More Keto Asian-Inspired Recipes
Here are more ideas for keto-friendly Asian dishes:
- Asian Keto Chicken and Vegetables: A simple yet flavorful dish loaded with fresh vegetables and sliced chicken. Customize with your preferred veggies and protein.
- Keto Egg Roll in a Bowl: This recipe uses mini beef sticks and comes together quickly.
- Low Carb Chili Soy Chicken Thighs: Made in an Instant Pot for convenience.
- Keto Beef and Broccoli: A keto-friendly version of a popular takeout dish.

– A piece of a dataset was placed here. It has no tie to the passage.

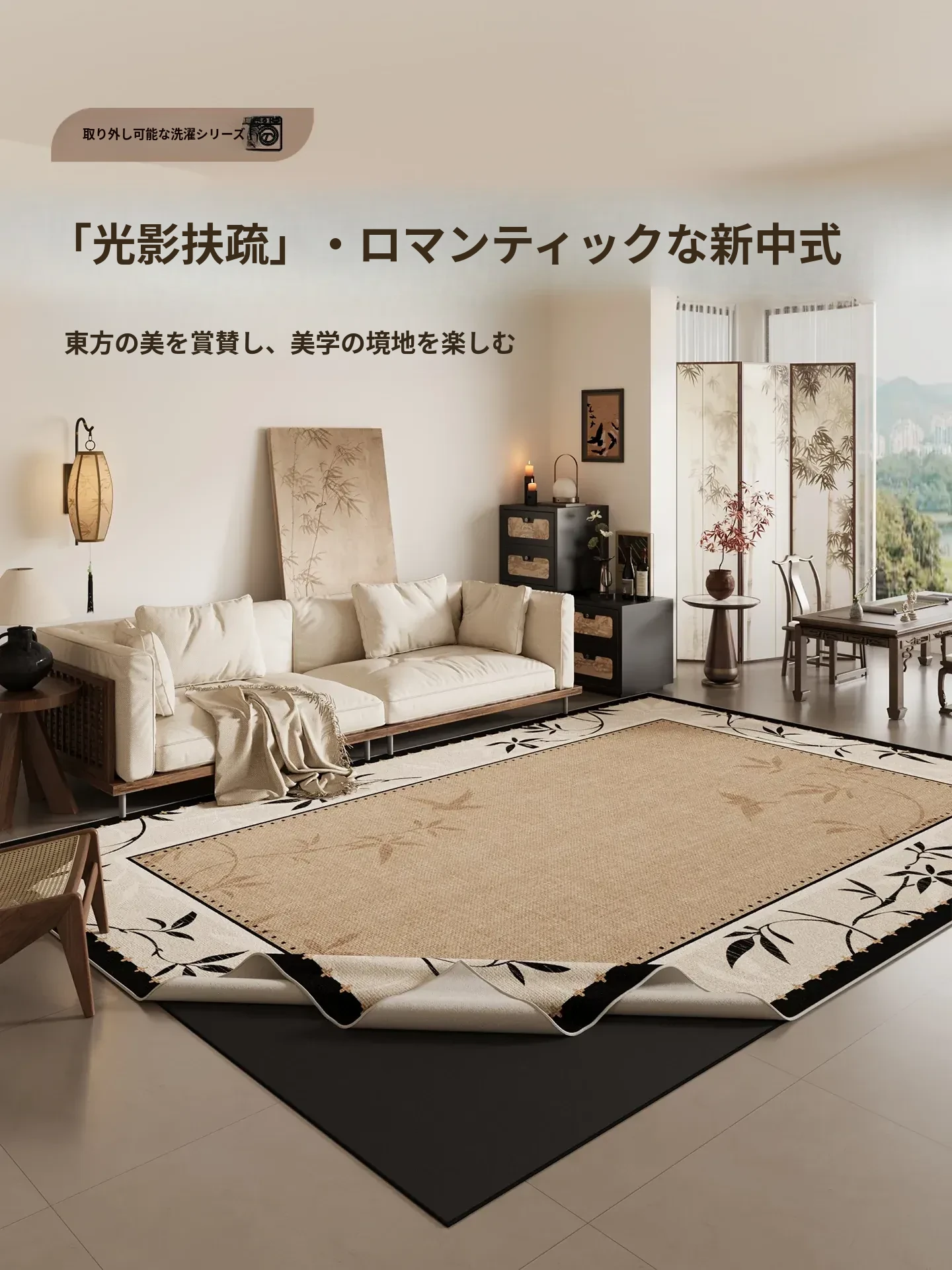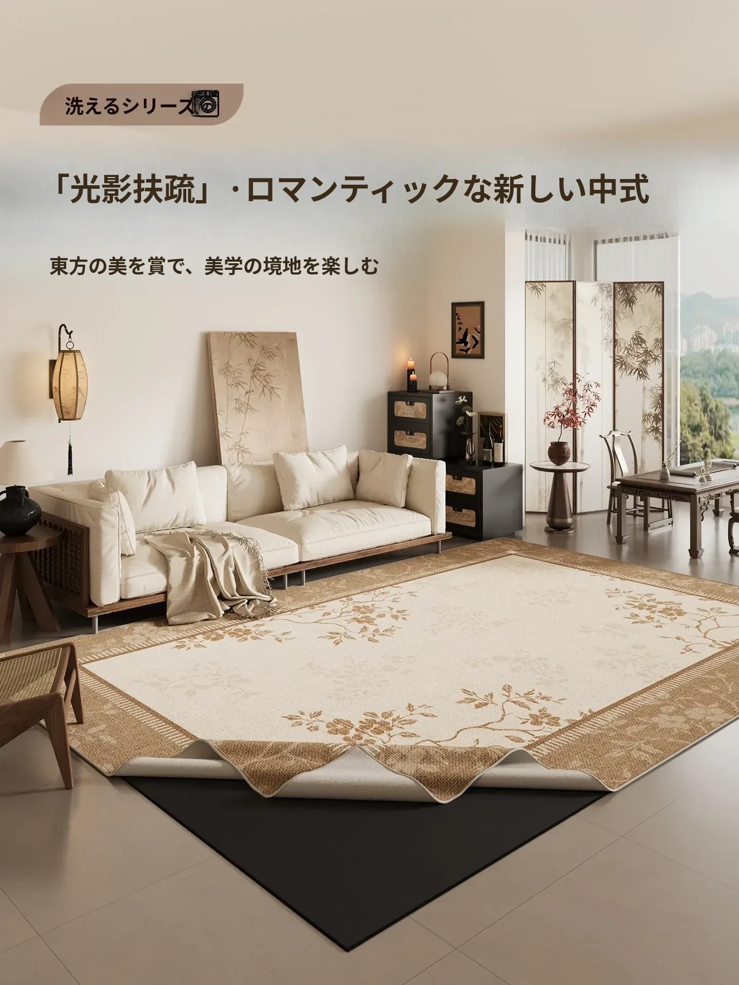 洗える!中華風デザインのリビング・寝室用ラグマット。手入れ簡単で、ソファやテーブルにもピッタリ。2025年新作、清潔感あふれる空間を演出します!

- Low-Carb Keto Orange Chicken: Crispy on the outside, juicy on the inside, and coated with a sweet, sticky citrus sauce.
- Asian Lettuce Wraps: Made with lean ground meat and a sweet sauce.
- Easy Keto Ramen: Customize with different meats and veggies. Use low-carb ramen noodles.
- Keto Pad Thai: Uses shirataki noodles for a lower carb count.
- Keto Sesame Chicken: Ready in under 20 minutes.
- Creamy Thai Green Curry: Made with chicken and roasted vegetables in an Instant Pot or Slow Cooker.
- Keto Teriyaki Salmon with Stir Fried Broccoli and Mushrooms: Use a keto brown sugar substitute in the teriyaki sauce.
- Keto Sushi: Made with cauliflower rice.
- Keto Pho: Made with low-carb ingredient substitutes.
- Keto Asian Cucumber Salad: A refreshing and flavorful side salad.
- Low-Carb Hot and Sour Soup: A keto-friendly twist on a popular dish.
- Keto Mongolian Beef: Tender beef coated in a sweet and savory sauce.
- Keto Shrimp Coconut Curry: Bursting with flavor and spices.
- Keto Asian Zucchini Noodle Salad: A fresh and crunchy salad with a sweet and sour dressing.
- One Pan Chicken and Zucchini Stir Fry: A quick and easy weeknight meal.
- Keto-Friendly General Tso’s Chicken: With tender chunks of chicken in a delectable garlicky ginger sauce.
- One-Pan Chicken and Veggies: A cinch to recreate in your kitchen.
- Keto Larb: A meat salad with shallots, garlic, fish sauce, lime juice, mint, and cilantro.
- Pork Tonkatsu: A flavorful Japanese dish with a crispy crust made from pork rinds and almond flour.
Tips for Ordering Keto Asian Food
When dining out or ordering takeout, focus on doing the best you can with what’s available. If options are limited, ask for sauces on the side. Instead of rice or noodles, opt for steamed broccoli or spinach.